SSTR2 Il plasmide Double Nickase (h) consiste in una coppia di plasmidi ingegnerizzati per l'editing ad alta specificità del locus SSTR2 nelle linee cellulari human. Ciascun plasmide esprime una nickasi Cas9 D10A e un sgRNA distinto che prende di mira filamenti di DNA opposti all'interno di SSTR2. Quando indirizzate verso siti adiacenti su filamenti di DNA opposti, le due nickasi generano tagli a filamento singolo sfalsati che insieme producono una rottura a doppio filamento sfalsata, richiedendo un'attività coordinata sul bersaglio da entrambe le guide. La rottura del DNA risultante viene risolta da vie di riparazione cellulare endogene, più comunemente attraverso la giunzione non omologa delle estremità (NHEJ), portando a inserzioni o delezioni che interrompono la funzione di SSTR2. Richiedendo il coinvolgimento di due sgRNA nel locus bersaglio, l'approccio a doppia nickasi migliora la specificità dell'editing e fornisce una strategia CRISPR complementare per applicazioni in cui è desiderato un controllo aggiuntivo sulla precisione del targeting.
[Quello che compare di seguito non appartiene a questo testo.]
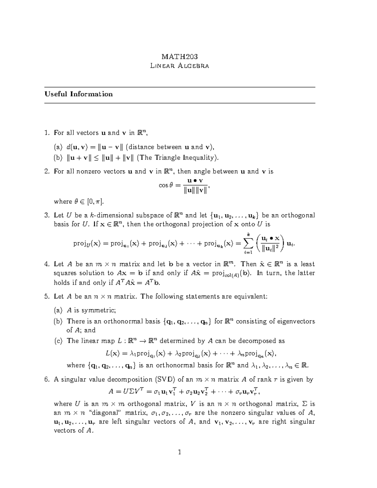 MATH203 Linear Algebra: Key Concepts and Formulas - Studocu

Per supportare l'identificazione efficiente delle cellule modificate, un plasmide codifica la GFP per la visualizzazione fluorescente delle popolazioni trasfettate, mentre il plasmide di accompagnamento porta un gene di resistenza alla puromicina per la selezione antibiotica. Insieme, queste caratteristiche supportano l'arricchimento efficiente delle popolazioni co-trasfettate e semplificano la convalida dei cloni con SSTR2 interrotto.
Solo per uso di ricerca. Non destinato a uso diagnostico o terapeutico.